WORK ITEM -> All pictures are to be excluded when the data below is output verbatim.

GIVEN DATA ->
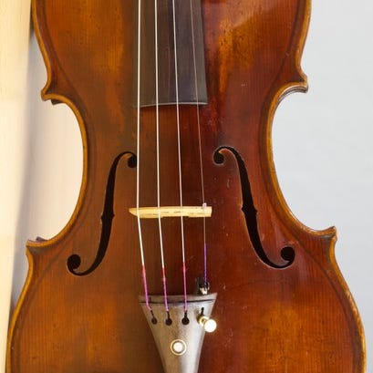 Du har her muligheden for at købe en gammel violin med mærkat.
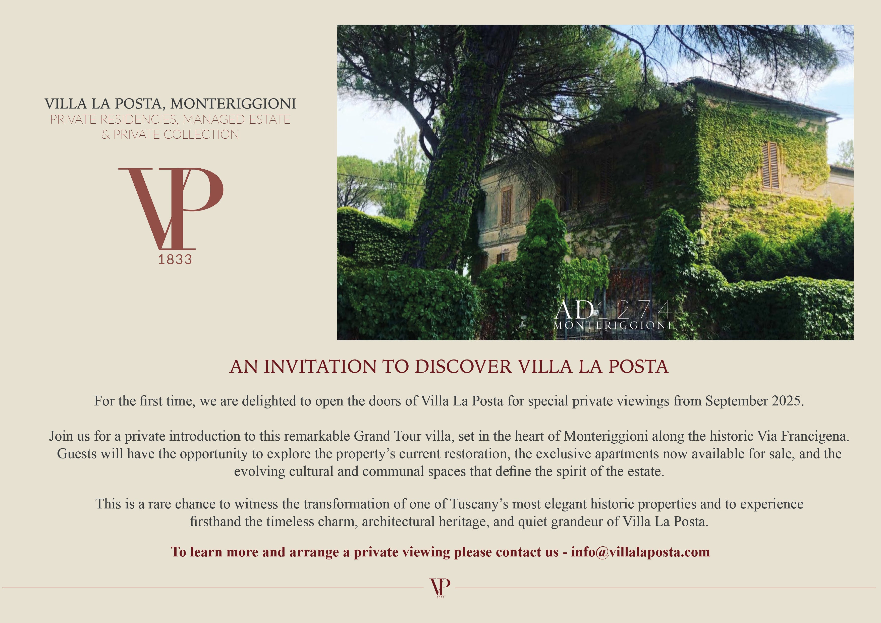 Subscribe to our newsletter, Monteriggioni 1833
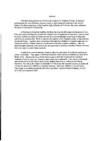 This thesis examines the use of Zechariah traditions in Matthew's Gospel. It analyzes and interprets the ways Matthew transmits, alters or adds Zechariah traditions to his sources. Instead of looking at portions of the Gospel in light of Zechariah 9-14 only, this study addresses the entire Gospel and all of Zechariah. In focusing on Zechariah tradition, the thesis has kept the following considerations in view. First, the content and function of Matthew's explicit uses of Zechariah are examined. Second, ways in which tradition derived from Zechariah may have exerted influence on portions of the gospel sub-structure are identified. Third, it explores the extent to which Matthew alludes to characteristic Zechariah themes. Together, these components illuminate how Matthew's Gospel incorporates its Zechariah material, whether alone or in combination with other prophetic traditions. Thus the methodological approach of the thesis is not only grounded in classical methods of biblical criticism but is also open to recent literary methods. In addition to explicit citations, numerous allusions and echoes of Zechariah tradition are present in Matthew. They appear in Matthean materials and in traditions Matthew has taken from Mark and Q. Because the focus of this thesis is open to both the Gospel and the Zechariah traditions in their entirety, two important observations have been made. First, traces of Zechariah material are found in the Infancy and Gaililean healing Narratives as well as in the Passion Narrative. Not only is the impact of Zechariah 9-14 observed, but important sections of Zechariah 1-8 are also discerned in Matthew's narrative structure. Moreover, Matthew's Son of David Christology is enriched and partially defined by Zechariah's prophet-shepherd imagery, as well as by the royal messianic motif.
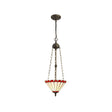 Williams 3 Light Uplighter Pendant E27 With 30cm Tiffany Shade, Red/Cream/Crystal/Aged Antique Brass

FINISHED TASK ->
 Du har her muligheden for at købe en gammel violin med mærkat.
 Subscribe to our newsletter, Monteriggioni 1833
 This thesis examines the use of Zechariah traditions in Matthew's Gospel. It analyzes and interprets the ways Matthew transmits, alters or adds Zechariah traditions to his sources. Instead of looking at portions of the Gospel in light of Zechariah 9-14 only, this study addresses the entire Gospel and all of Zechariah. In focusing on Zechariah tradition, the thesis has kept the following considerations in view. First, the content and function of Matthew's explicit uses of Zechariah are examined. Second, ways in which tradition derived from Zechariah may have exerted influence on portions of the gospel sub-structure are identified. Third, it explores the extent to which Matthew alludes to characteristic Zechariah themes. Together, these components illuminate how Matthew's Gospel incorporates its Zechariah material, whether alone or in combination with other prophetic traditions. Thus the methodological approach of the thesis is not only grounded in classical methods of biblical criticism but is also open to recent literary methods. In addition to explicit citations, numerous allusions and echoes of Zechariah tradition are present in Matthew. They appear in Matthean materials and in traditions Matthew has taken from Mark and Q. Because the focus of this thesis is open to both the Gospel and the Zechariah traditions in their entirety, two important observations have been made. First, traces of Zechariah material are found in the Infancy and Gaililean healing Narratives as well as in the Passion Narrative. Not only is the impact of Zechariah 9-14 observed, but important sections of Zechariah 1-8 are also discerned in Matthew's narrative structure. Moreover, Matthew's Son of David Christology is enriched and partially defined by Zechariah's prophet-shepherd imagery, as well as by the royal messianic motif.
 Williams 3 Light Uplighter Pendant E27 With 30cm Tiffany Shade, Red/Cream/Crystal/Aged Antique Brass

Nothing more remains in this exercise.